Desde Teherán se justifica la escalada como una represalia directa por los bombardeos estadounidenses que, según el IRGC, alcanzaron infraestructura civil iraní y causaron la muerte de al menos siete efectivos —entre soldados profesionales y reclutas— en las cercanías de la ciudad de Iranshahr, en el sureste del país.
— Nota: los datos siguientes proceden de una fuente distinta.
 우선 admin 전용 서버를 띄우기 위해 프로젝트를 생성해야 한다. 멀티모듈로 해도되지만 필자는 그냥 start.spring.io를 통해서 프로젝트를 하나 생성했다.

Los comunicados castrenses califican al ejército estadounidense de “asesino de cientos de miles de musulmanes” en una decena de países y, en un llamamiento inédito, instan a las fuerzas armadas jordanas a sumarse a la ofensiva contra las tropas extranjeras, presentándolo como un “deber religioso y humano” para “limpiar la tierra sagrada de Jordania”. Esta retórica, interpretada por analistas en Oriente Medio como un intento de fracturar la coalición regional que alberga activos militares de Washington, añade una dimensión política a la ofensiva militar.
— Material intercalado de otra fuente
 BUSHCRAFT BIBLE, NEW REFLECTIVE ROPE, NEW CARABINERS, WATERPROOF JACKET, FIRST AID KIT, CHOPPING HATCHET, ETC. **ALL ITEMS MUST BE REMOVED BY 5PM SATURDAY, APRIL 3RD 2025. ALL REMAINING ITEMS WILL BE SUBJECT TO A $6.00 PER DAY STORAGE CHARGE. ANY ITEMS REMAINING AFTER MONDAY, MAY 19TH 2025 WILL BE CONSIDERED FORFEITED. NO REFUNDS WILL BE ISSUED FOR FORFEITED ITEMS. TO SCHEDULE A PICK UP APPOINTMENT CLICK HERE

De acuerdo con el Comando Central de Estados Unidos (CENTCOM), los ataques estadounidenses que desencadenaron la respuesta iraní se enmarcan en una campaña para garantizar la libertad de navegación en el estrecho de Ormuz, después de que Teherán adoptara medidas contra buques comerciales que transitan la estratégica vía marítima. Fuentes militares norteamericanas sostienen que sus operaciones son limitadas y proporcionales, dirigidas a disuadir interferencias en el tráfico marítimo internacional. Sin embargo, desde mediados de junio existía un memorando de entendimiento entre ambos gobiernos para poner fin a las hostilidades, acuerdo que colapsó a partir del 8 de julio con una nueva ronda de bombardeos mutuos. Observadores en Bruselas advierten que la ruptura del breve alto el fuego revela la fragilidad de los canales diplomáticos y la profundidad de la desconfianza bilateral.
La ofensiva iraní se produce en un contexto de creciente tensión en Asia Occidental, con implicaciones directas para la seguridad energética global. Analistas en Madrid y Ciudad de México señalan que la afectación de infraestructuras en Omán y Kuwait, países que hasta ahora habían mantenido un perfil relativamente bajo en la confrontación, podría ampliar el teatro de operaciones y encarecer las primas de riesgo para el tránsito de hidrocarburos. Desde la óptica de Moscú y Pekín, que observan el conflicto con cautela, la escalada refuerza la narrativa de un orden internacional multipolar en disputa, aunque ambas capitales han evitado pronunciamientos directos sobre la legalidad de los ataques.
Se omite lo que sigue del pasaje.